Yung first published by EyeforFilmY
The camera practically hugs young Jana (Janaina Liesenfield) as it tracks her walking over to a car outside school and getting in. “How was your day at school?”, the late-middle-aged man driving asks her, “What did you do over the weekend?”. We might be forgiven for assuming from these banal exchanges that he is her estranged father, picking her up for the weekend – but in the next scene, we see them in a hotel room together, where he has sex with her, for money. Janaina is 17.
This opening sequence contains all the ingredients that will make Henning Gronkowski’s feature debut such a slippery piece of work. On the one hand it plays out like a shockumentary, following four female school friends (Leisenfield, Emily Lau, Joy Grant, Abbie Dutton) on their all-out, no-holds-barred descent into sex and drugs and techno ‘n’ roll, and even including to-camera interviews with them (or at least with the homonymous actors who play them). Yet there is something about the extreme intimacy of the camerawork – all beautifully lit close-ups, even when the girls are engaged in private or criminal acts – that tells against the documentary form, reminding us that this access-all-areas film is, like the girls, replacing reality with a mediated sensational facsimile, somewhere between porn shoot, selfie, youtube video and cam girl session.
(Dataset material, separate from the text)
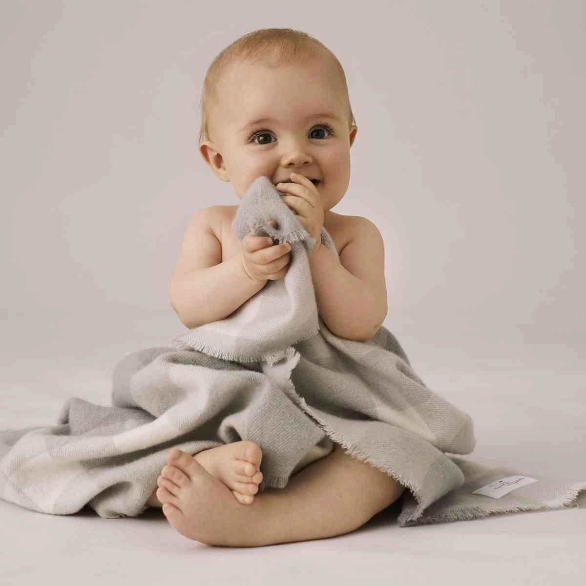 Crafted in 100% merino wool, the Murphy pram blanket is sure to keep your little one cosy and warm. Woven with soft shades of grey in a timeless check design, this blanket is the perfect addition to your pram or nursery.

Yung plays out like Kids (1995) relocated to Berlin, or Trainspotting (1996) retold from Diane Coulston’s point of view, or Christiane F. (1981) updated to the digital age. As it shows an endless party of sexual exploration, drug dealing and addiction, online sex work and date rape, it stays very close to its subjects while somehow simultaneously maintaining a critical distance. For the only thing that these young people have on their side is youth itself, with the future looking a whole lot more bleak than their hedonistic present of half-denial and self-destruction. If it begins with Jana and a man who is not her father, it ends with Jana and her actual mother, caught in a moment of close familial affection. Jana has it all – but whether she is taking the best, as opposed to just the fullest, advantage of it all is left very much open to question.